Cette différence entre le risque d’événements observé dans le groupe contrôle et le risque attendu peut avoir des répercussions significatives dans les études de non-infériorité. En effet, si l’on exprime maintenant le résultat principal de l’étude en effet relatif, on obtient un RR à 1,13 [IC 95 % 1,00 –1,27]. Selon le raisonnement des investigateurs, la marge de non-infériorité serait dans ce cas de 1,25, soit juste en dessous de la borne supérieure de l’IC 95%. Ainsi, bien que dans le cas présent la conclusion soit la même, cet exemple illustre l’importance de l’expression en absolu ou en relatif, quand on s’éloigne de l’estimation du risque basal faite a priori.

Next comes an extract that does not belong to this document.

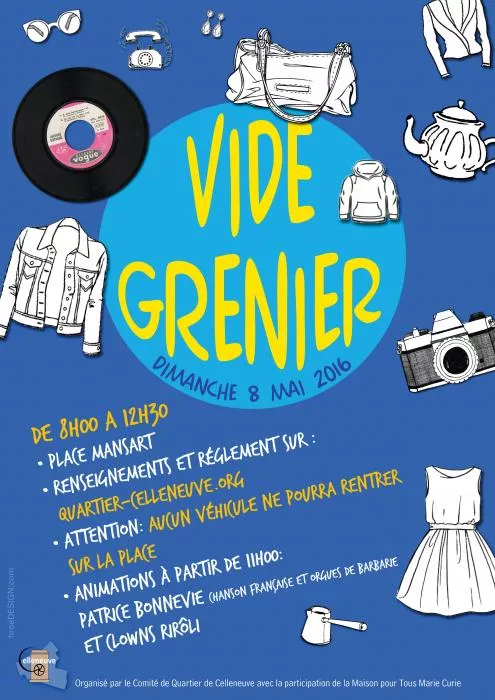 Le vide grenier se déroulera de 8h00 à 12h30. Accueil des participants à partir de 7h00.

La figure 3 illustre ce phénomène de manière schématique. Elle représente la fréquence maximale d’événements autorisée sous traitement pour conclure à la non-infériorité, selon que l’on exprime l’effet en valeur absolue ou relative. Nous voyons ici que les courbes ne se superposent pas mais se croisent, en un point qui est l’estimation de la proportion d’événements dans le bras contrôle au moment du design de l’essai (12 % dans le cas de l’essai ABYSS). Pour cette valeur, le nombre d’événements maximal autorisé sous traitement est le même, que le résultat soit exprimé en relatif ou en absolu. En revanche, on voit sur cette figure que lorsque la proportion dans le bras contrôle a été sous-estimée (fréquence dans le bras contrôle supérieure à ce qui était attendu), PTmax est supérieure lorsque l’effet est exprimé en relatif (c’est le cas de l’essai ABYSS). Dans cette situation, l’expression en différence de risques est plus conservatrice. En revanche, lorsque la proportion dans le bras contrôle a été surestimée (fréquence dans le bras contrôle inférieure à ce qui était attendu), PTmax est supérieure lorsque l’effet est exprimé en absolu ; l’expression en risque relatif est donc plus conservatrice.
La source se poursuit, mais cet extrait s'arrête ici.